New big idea: go small

E.C. “Butch” Minnick rolls a nuclear fuel pellet between his left thumb and forefinger. Then, in the expansive motion of a priest administering the Eucharist, he holds it aloft so onlookers can get a good view. Indeed, there is an aura of miracle to the tiny, metallic cylinder in his hand. No larger than a man’s fingertip and about one-half-inch in diameter, its unassuming size belies its potency.

“This thing will produce as much electricity as one barrel of oil,” says Minnick. He’s the project director of a new fuel technology center in Lynchburg run by The Babcock & Wilcox Co., which is striving to develop the nation’s first utility-scale, small nuclear reactor.

Going small is the new “big idea” in nuclear energy, and the nuclear operations group in Lynchburg has enabled B&W to pull ahead in the race to market scaled-down reactors. Thus far, B&W is the only company to receive federal funding from the U.S. Department of Energy to help commercialize its reactor design. The work in Lynchburg is pivotal to bringing the product to market.
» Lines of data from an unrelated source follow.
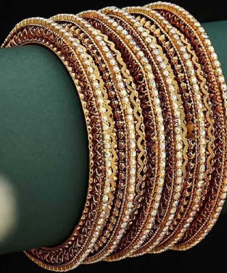 กำไลทองเหลืองและสร้อยข้อมือที่มีแม่ของมุกฝัง
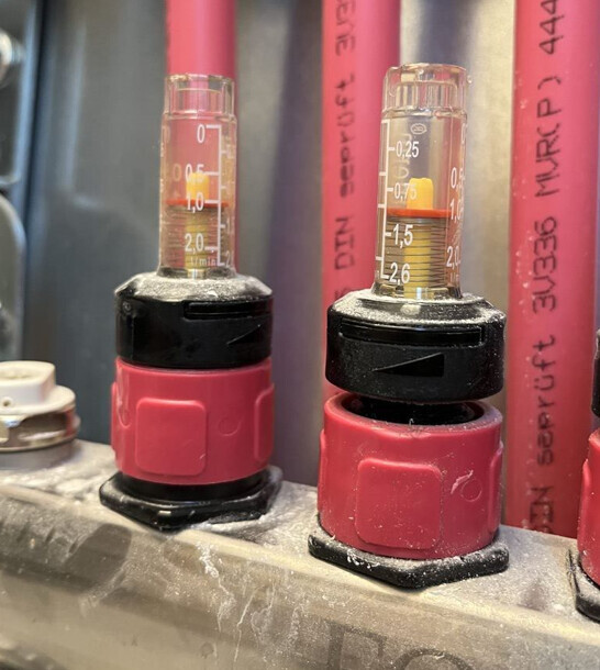 Während 2.: Immer kontrollieren, dass die Heizung nicht weniger als 12l/m pumpt - was tue ich, wenn doch? Muss ich dann doch irgendwo mehr heizen, z.B. Keller? Oder Heizungseinstellungen runter (Heizkurve, Fußpunkt, ...) und gleichzeitig die Volumenströme in den Räumen erhöhen?
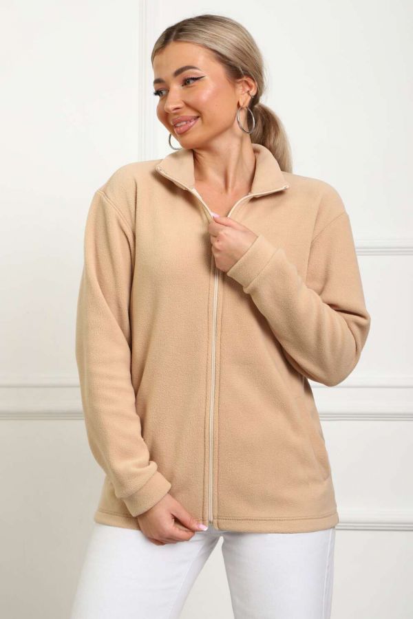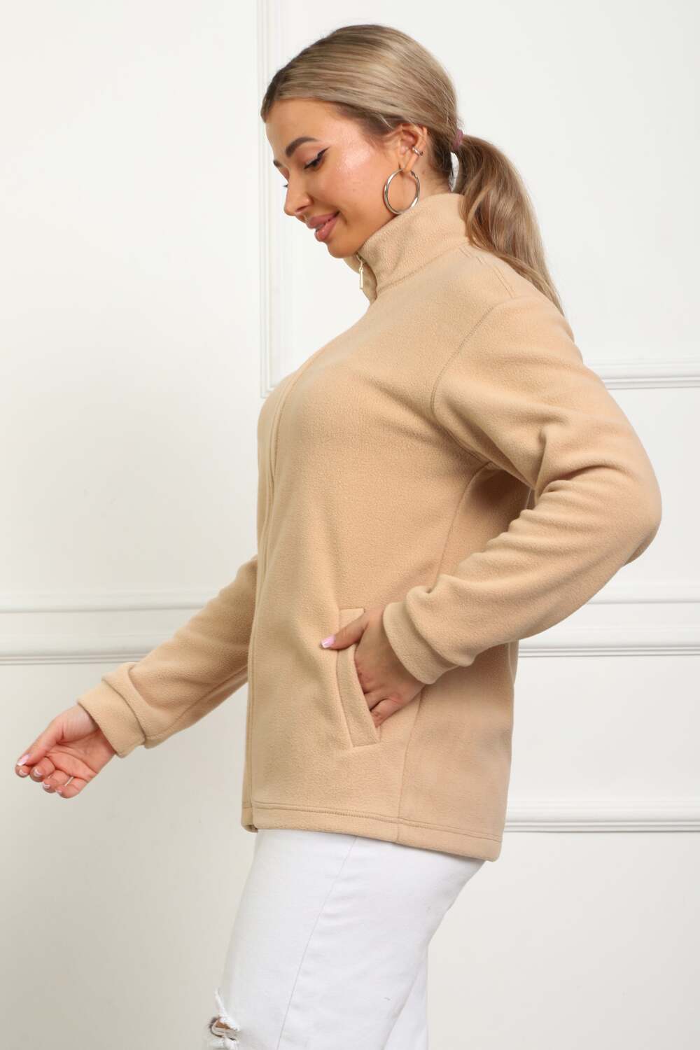 Куртка женская из флиса. Силуэт прямой. Длинна до середины бедра. Воротник стойка. Карман листочка. Рукав втачной, на манжете. Линия плеч чуть спущена. Застежка на тесьму молнию. Отделкой служат отделочные строчки с застилом.
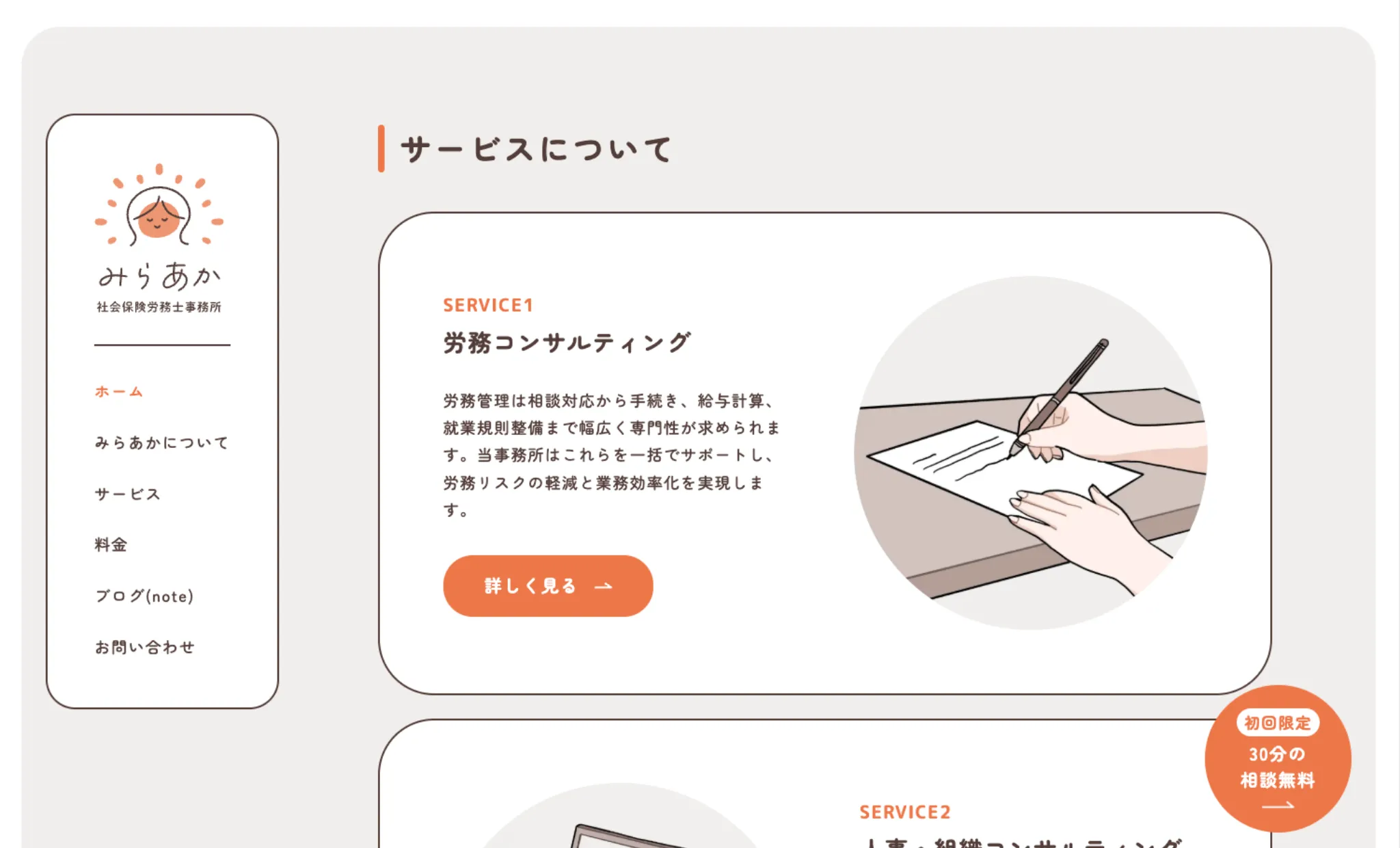 「堅いイメージを持たれがちな社労士の世界を、もっと身近で相談しやすくしたい」というクライアント様の想いをもとに、やさしい色合いと丸みのあるデザインで「女性社労士ならではの安心感」と「親しみやすさ」を表現しました。
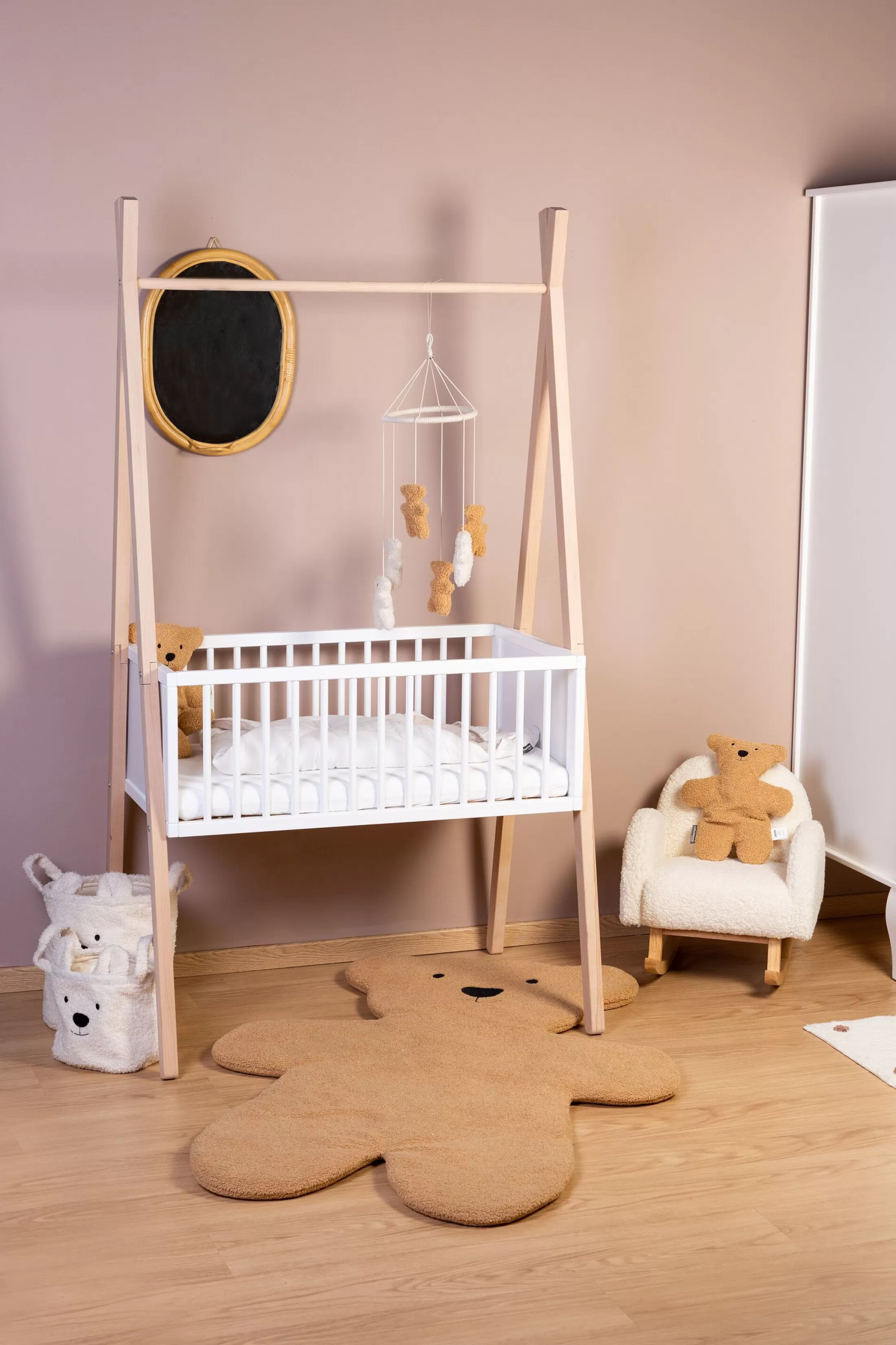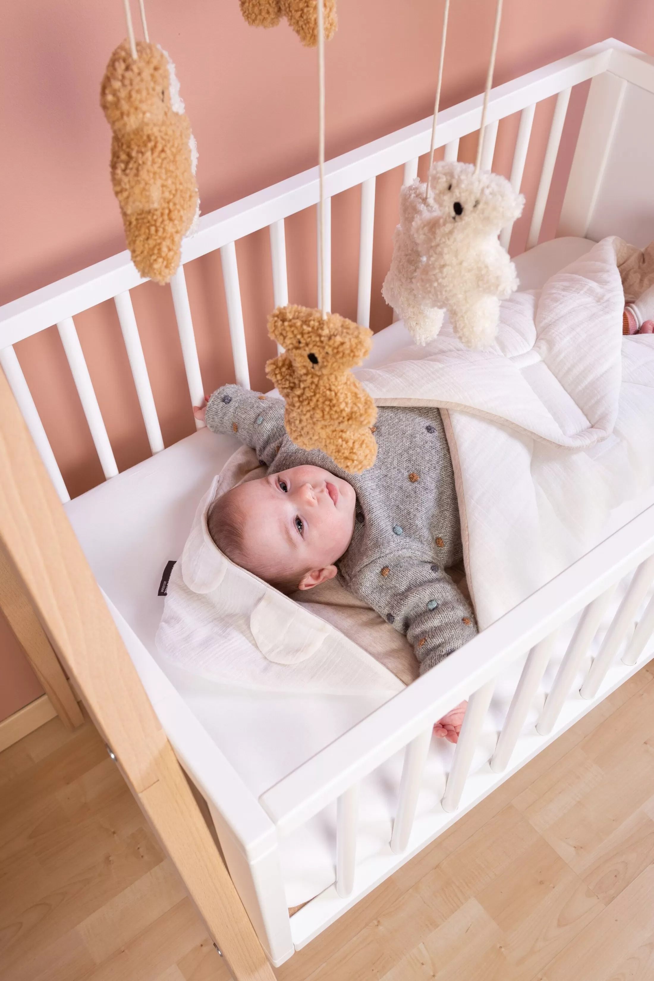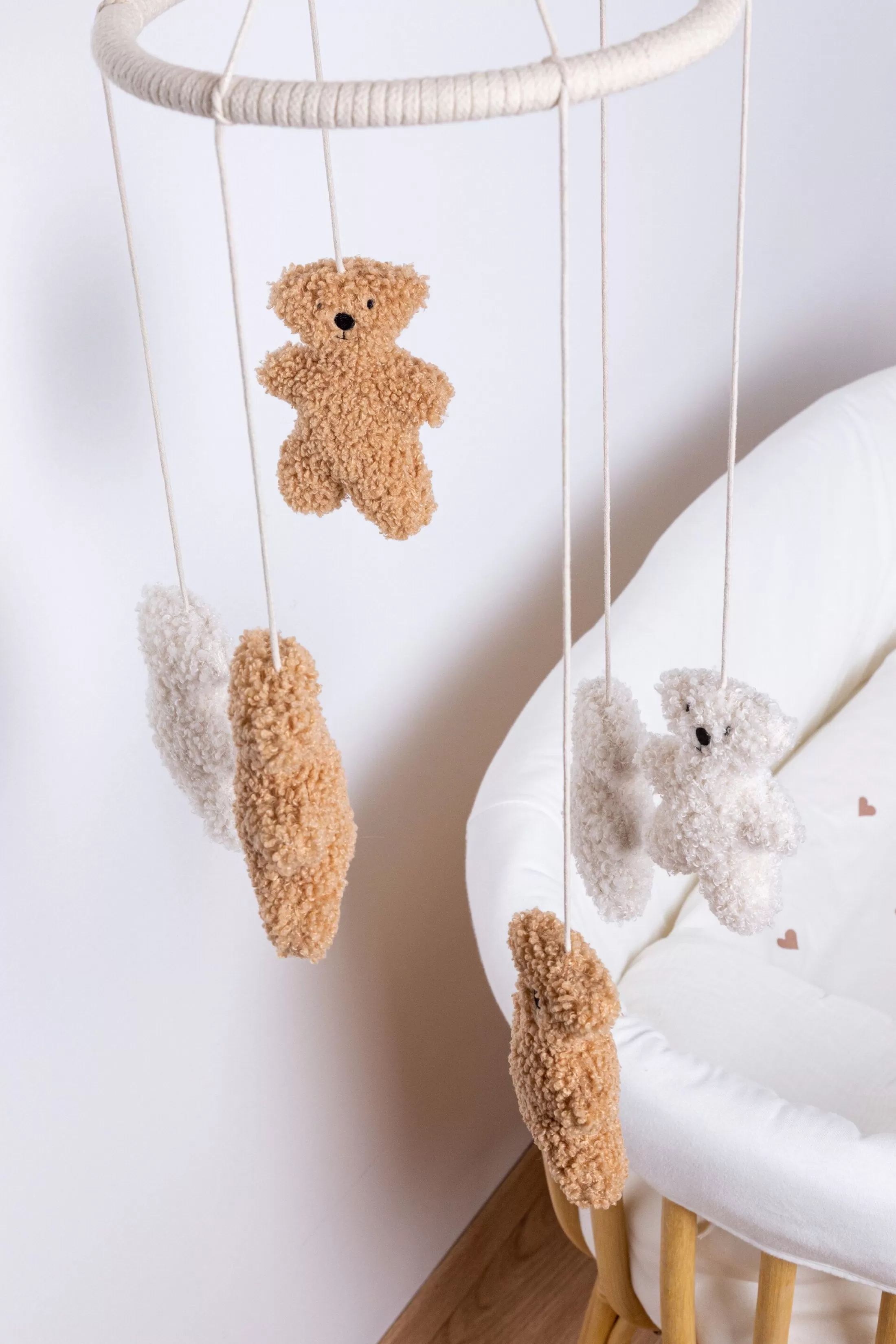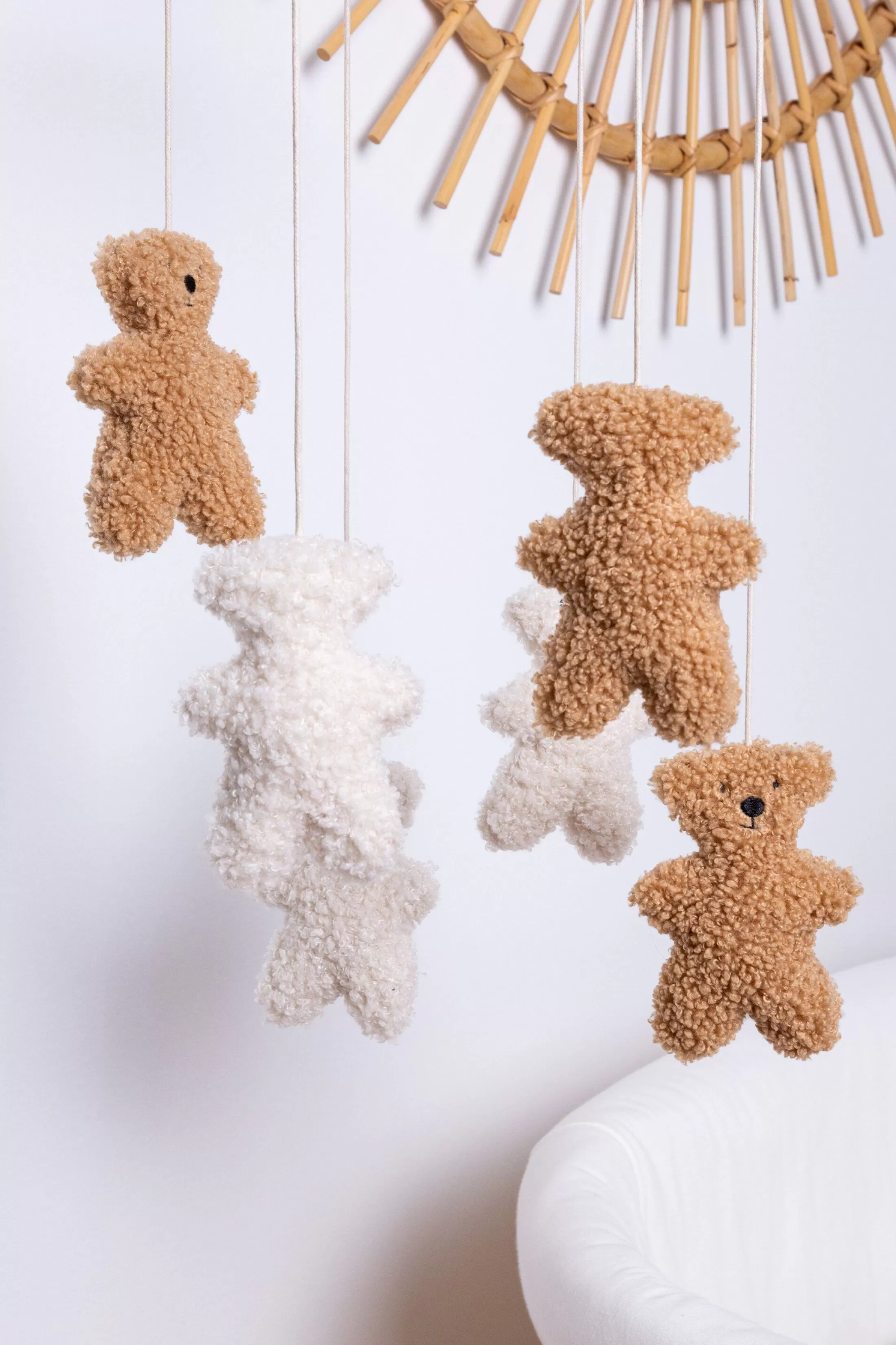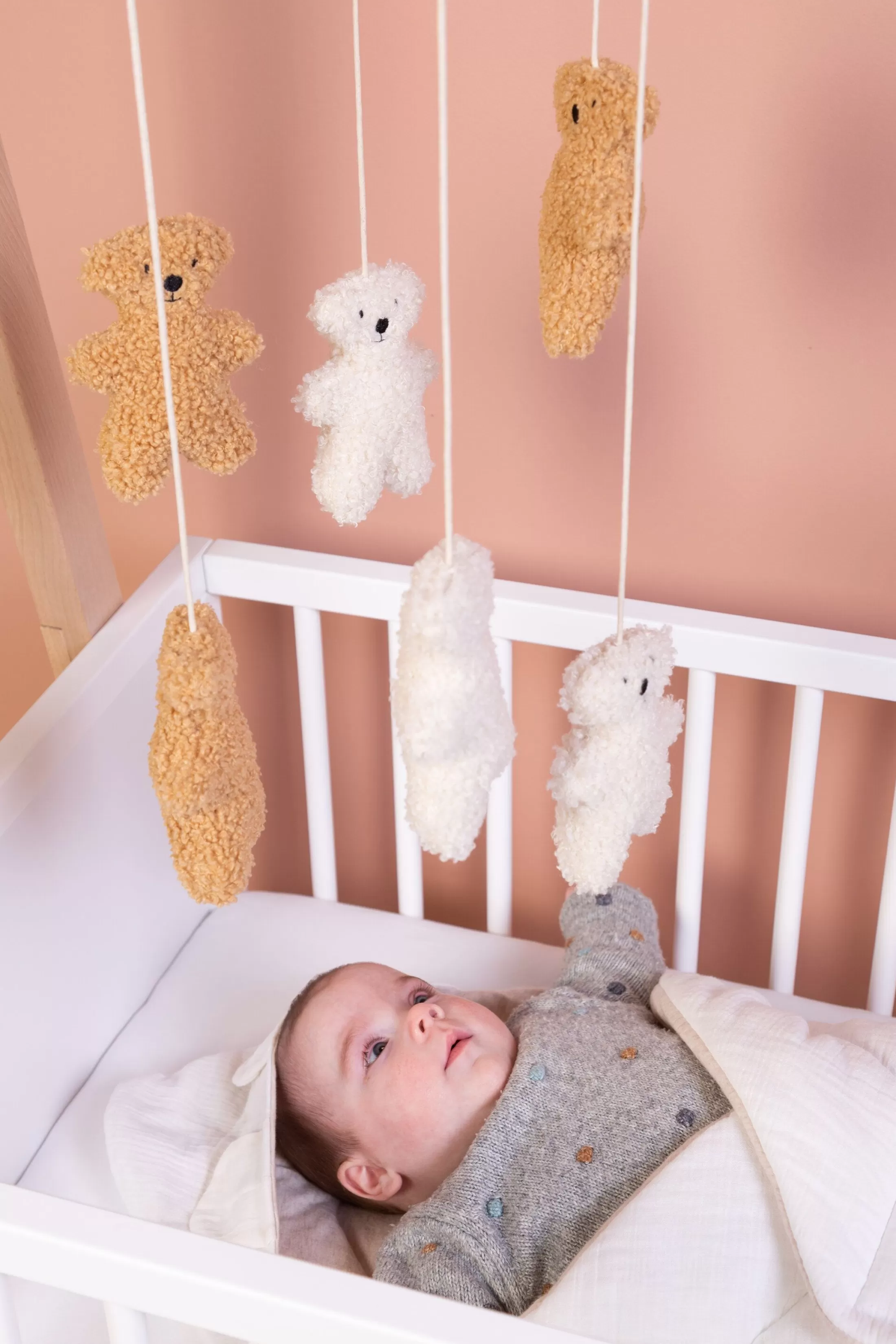 Nos nounours sont maintenant aussi disponibles en mini ! Ce mobile en peluche se compose de 6 adorables personnages en peluche de couleur marron et écru. Votre enfant sera fasciné par ces animaux mignons et s’amusera pendant des heures avec eux. Le mobile est également utile pour stimuler les capacités de mouvement de votre enfant.
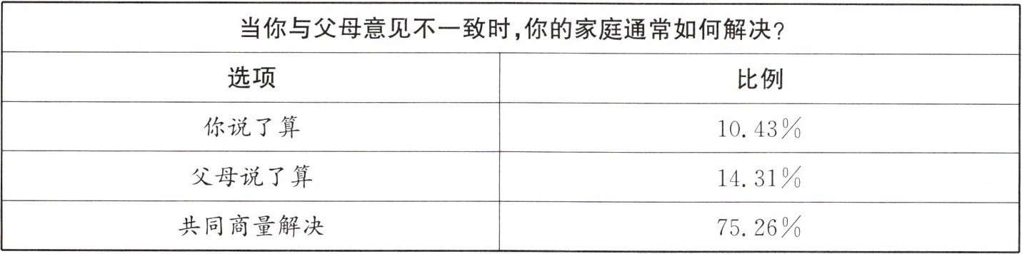 材料一 某校开展了以“建设和谐家庭”为主题的问卷调查。下表是其中一个问题的调查统计结果。
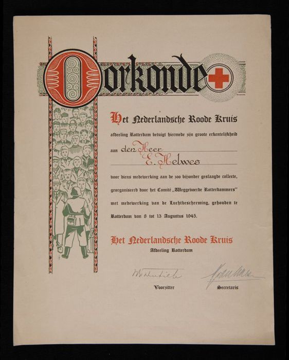 Oorkonde van het Nederlandse Rode Kruis, aan de heer...
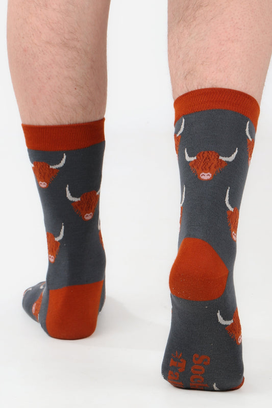 Men's Bamboo Socks Highland Cow Print Novelty Dress Socks Teal

During the next five years or so, B&W Virginia employees will oversee the reactor’s design, run extensive engineering tests, develop fuel technologies and license operators to maintain its digital control systems (see sidebar on page 34). B&W, based in Charlotte, N.C., has added facilities in the Lynchburg area and is hiring new engineers and technical crew there specifically to finalize its Generation mPower system.  The goal: create the prototype of a small nuclear reactor that could be mass produced, generate 180 megawatts of electricity — about 15 percent of the output of a large reactor — and run for four years before it needs refueling.

“We’ll be staffing up to a full complement of about 200 people here when all is said and done. We’ve also subcontracted with quite a few suppliers in the Lynchburg area that will reap the economic benefits of this project,” says Christofer Mowry, the 49-year-old president of Generation mPower LLC, a subsidiary B&W set up to commercialize the device.

The fuel pellet is one of several innovations at Minnick’s center, a high-ceilinged, well-lighted warehouse that encompasses more than 10,000 square feet. The place retains a faint odor of old tires, a nod to its former life as a motorcycle repair shop. B&W invested $5 million to convert it to a research facility in 2012.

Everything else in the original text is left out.